### Directions for this task
Exact wording is required: transcribe all the entries and leave the images out.

### Stored items from a collection
------------------------

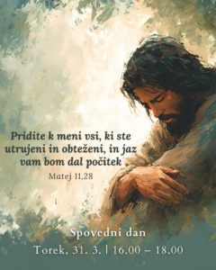 V torek, 31. 3., bo za vse, ki bi se še želeli spovedati, priložnost za sveto spoved od 16.00 do 18.00 v mariborski stolnici. Na voljo bo tudi tuji spovednik.
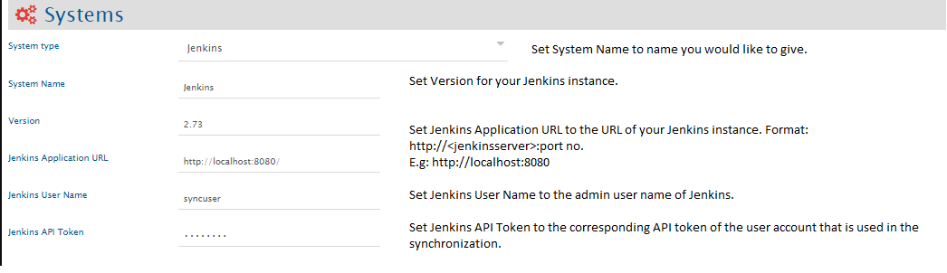 Before you continue to the integration, you must first configure Jenkins. Click [System Configuration](https://docs.opshub.com/v7.216/integrate/configure-integrations/system-configuration) to learn the step-by-step process to configure a system. Refer the screenshot given below for reference.
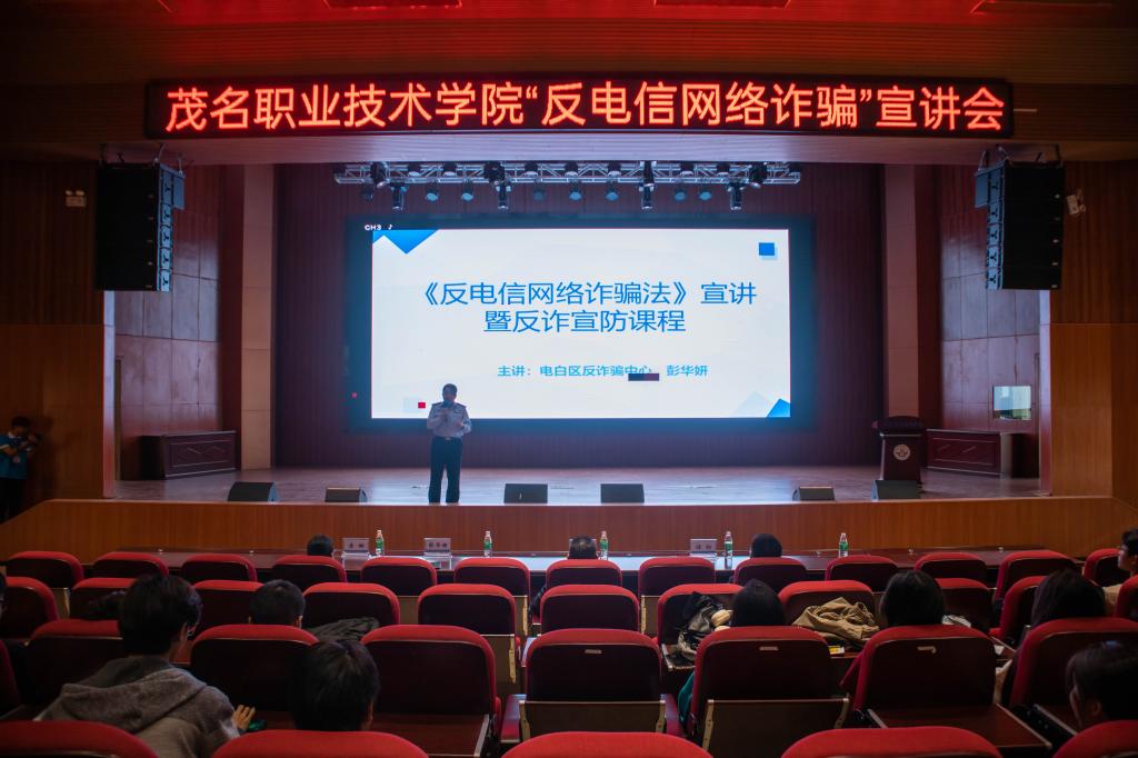 为提升全校师生的防骗意识和反诈能力,切实保障师生财产安全, 11 月 28 日下午,我校联合公安局、中国人民银行、中国工商银行分别在北校区和南校区举办了 “反电信网络诈骗” 宣讲会。学校党委专职副书记董荣权、中国人民银行茂名市分行副行长陈一波、茂名市反诈骗中心主任李丹、中国工商银行茂名分行副行长李文波、联合单位相关人员及学校师生约900人参加了活动。
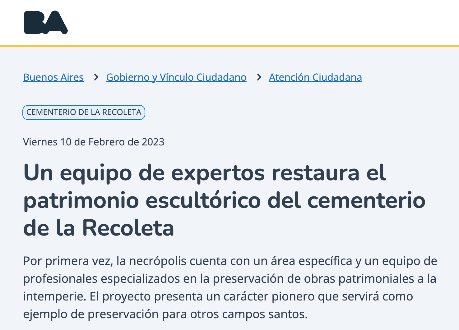 In Feb 2023, an official report published by the Buenos Aires city government announced the establishment of a specialized team to preserve & restore exposed art & architecture… naturally, their primary concern is Recoleta Cemetery. The original article can be found here, but below is our translation plus some additional information. Fantastic news!
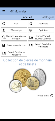 - Koleksiyonunuzdaki parçaların yönetimi, satılık, satın almak veya alışveriş yapmak. Koleksiyonunuzun Numis-Pulclector alt pencereleriyle dışa aktarılması. kişisel bir katalog ve MBC bulutundaki koleksiyonun diğer akıllı telefonlarda veya tabletlerde bulmak için.
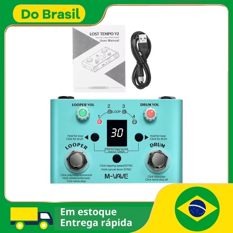 M-vave Lost Tempo V2 Drum Machines & Looper Pedal Uilt-in 30 Drums 11 Min Recodi
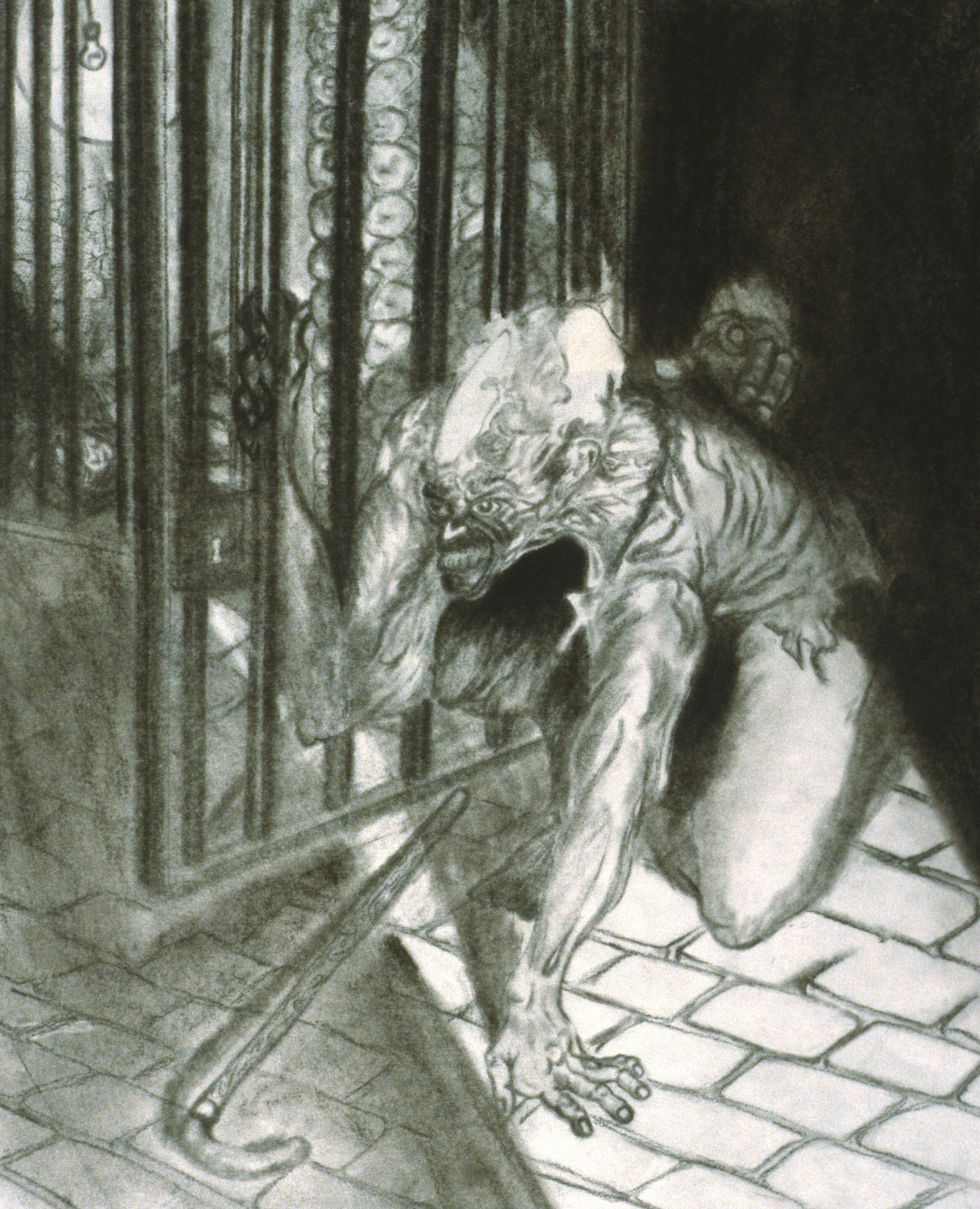 A demon crouches in the corner.
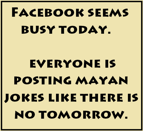 I keep thinking - all these comments about how it's already tomorrow in Australia. Why should that matter? The Mayans weren't all over the world. They only lived in one time zone, so that should be the only one that counts.
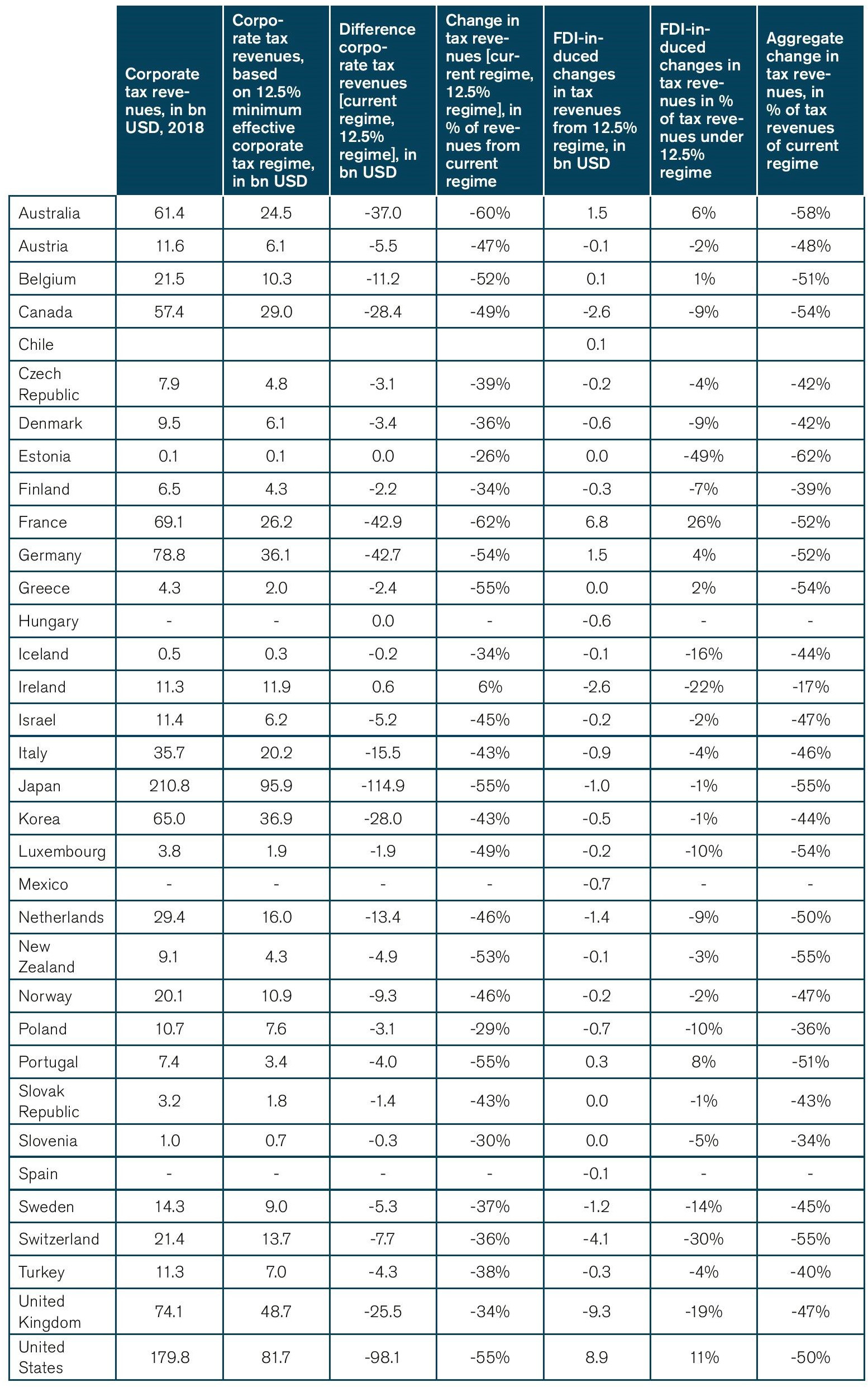 Rising and falling levels of domestic investment would also impact governments’ tax revenues on personal income and revenues from social security contributions. As outlined by Table 11, for most OECD countries, taxes on personal income as well as social security contributions are a much more important source of tax revenue than revenues generated from corporate income. The OECD median multiplier is 1.45, i.e. the sum of revenues from taxes on personal income and social security contributions exceeds corporate income tax revenues by about 45%. Taking into account changes taxes on personal income and social security contributions, the increases in FDI change-induced revenue gains would amount to 20bn USD for the French government, 4bn USD for the German government, and 14bn USD for the US government.[7] Again, it should be noted that these estimates are based on a comparison of tax revenues generated by countries’ current FDI stock and tax revenues generated by countries’ FDI stock in the new equilibrium, everything else remaining equal. The numbers do not reflect the revenue impact resulting from tax revenues generated by other businesses that are subject to corporate income taxes.
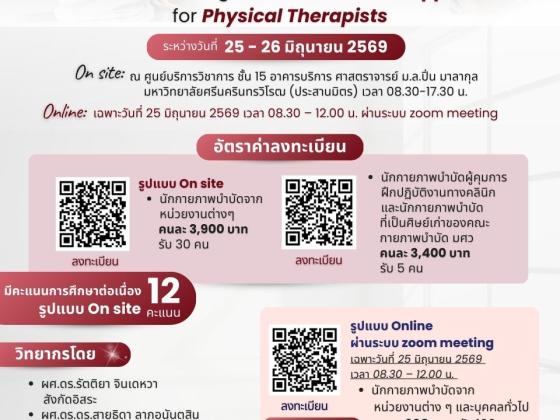 โครงการอบรมเชิงปฏิบัติการ “Hands that Heal: A Practical Training in Neuromuscular Approach for Physical Therapists”ระหว่างวันที่ 25 - 26…
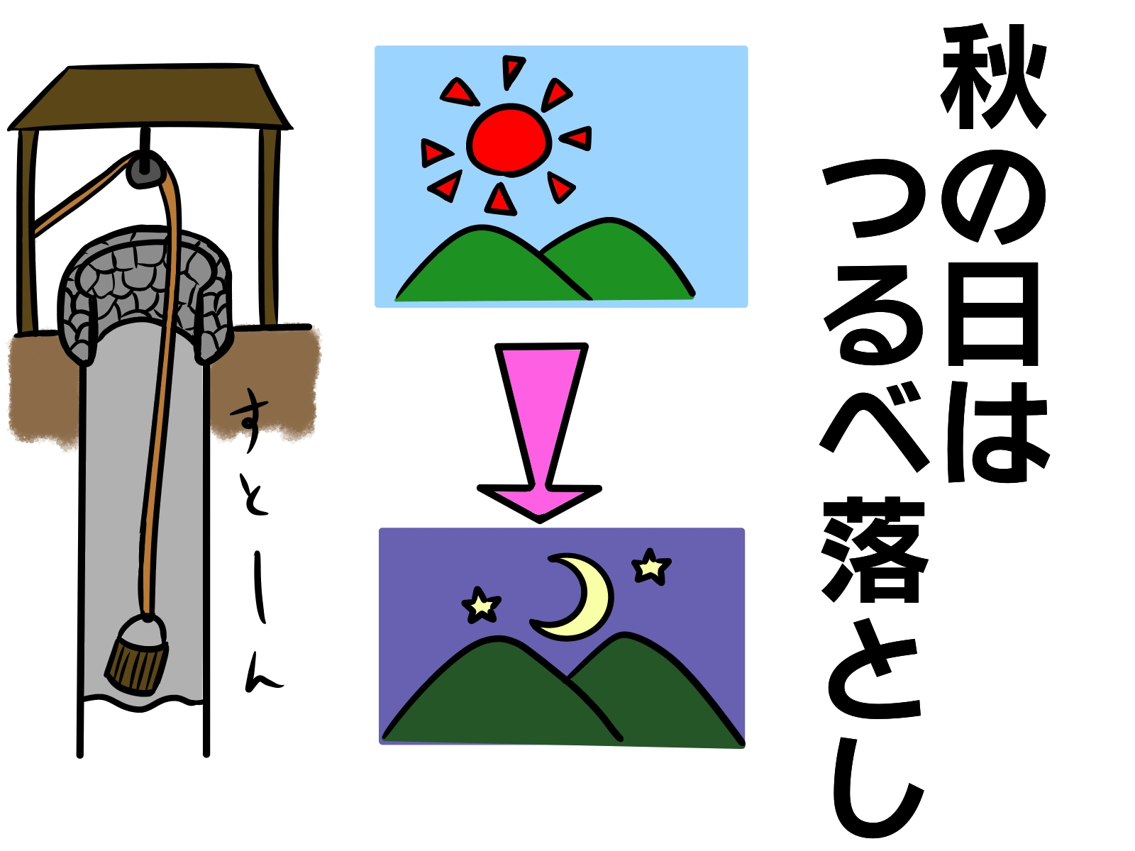 秋の日は( )落とし

------------------------

### Answer section
 V torek, 31. 3., bo za vse, ki bi se še želeli spovedati, priložnost za sveto spoved od 16.00 do 18.00 v mariborski stolnici. Na voljo bo tudi tuji spovednik.
 Before you continue to the integration, you must first configure Jenkins. Click [System Configuration](https://docs.opshub.com/v7.216/integrate/configure-integrations/system-configuration) to learn the step-by-step process to configure a system. Refer the screenshot given below for reference.
 为提升全校师生的防骗意识和反诈能力,切实保障师生财产安全, 11 月 28 日下午,我校联合公安局、中国人民银行、中国工商银行分别在北校区和南校区举办了 “反电信网络诈骗” 宣讲会。学校党委专职副书记董荣权、中国人民银行茂名市分行副行长陈一波、茂名市反诈骗中心主任李丹、中国工商银行茂名分行副行长李文波、联合单位相关人员及学校师生约900人参加了活动。
 In Feb 2023, an official report published by the Buenos Aires city government announced the establishment of a specialized team to preserve & restore exposed art & architecture… naturally, their primary concern is Recoleta Cemetery. The original article can be found here, but below is our translation plus some additional information. Fantastic news!
 - Koleksiyonunuzdaki parçaların yönetimi, satılık, satın almak veya alışveriş yapmak. Koleksiyonunuzun Numis-Pulclector alt pencereleriyle dışa aktarılması. kişisel bir katalog ve MBC bulutundaki koleksiyonun diğer akıllı telefonlarda veya tabletlerde bulmak için.
 M-vave Lost Tempo V2 Drum Machines & Looper Pedal Uilt-in 30 Drums 11 Min Recodi
 A demon crouches in the corner.
 I keep thinking - all these comments about how it's already tomorrow in Australia. Why should that matter? The Mayans weren't all over the world. They only lived in one time zone, so that should be the only one that counts.
 Rising and falling levels of domestic investment would also impact governments’ tax revenues on personal income and revenues from social security contributions. As outlined by Table 11, for most OECD countries, taxes on personal income as well as social security contributions are a much more important source of tax revenue than revenues generated from corporate income. The OECD median multiplier is 1.45, i.e. the sum of revenues from taxes on personal income and social security contributions exceeds corporate income tax revenues by about 45%. Taking into account changes taxes on personal income and social security contributions, the increases in FDI change-induced revenue gains would amount to 20bn USD for the French government, 4bn USD for the German government, and 14bn USD for the US government.[7] Again, it should be noted that these estimates are based on a comparison of tax revenues generated by countries’ current FDI stock and tax revenues generated by countries’ FDI stock in the new equilibrium, everything else remaining equal. The numbers do not reflect the revenue impact resulting from tax revenues generated by other businesses that are subject to corporate income taxes.
 โครงการอบรมเชิงปฏิบัติการ “Hands that Heal: A Practical Training in Neuromuscular Approach for Physical Therapists”ระหว่างวันที่ 25 - 26…
 秋の日は( )落とし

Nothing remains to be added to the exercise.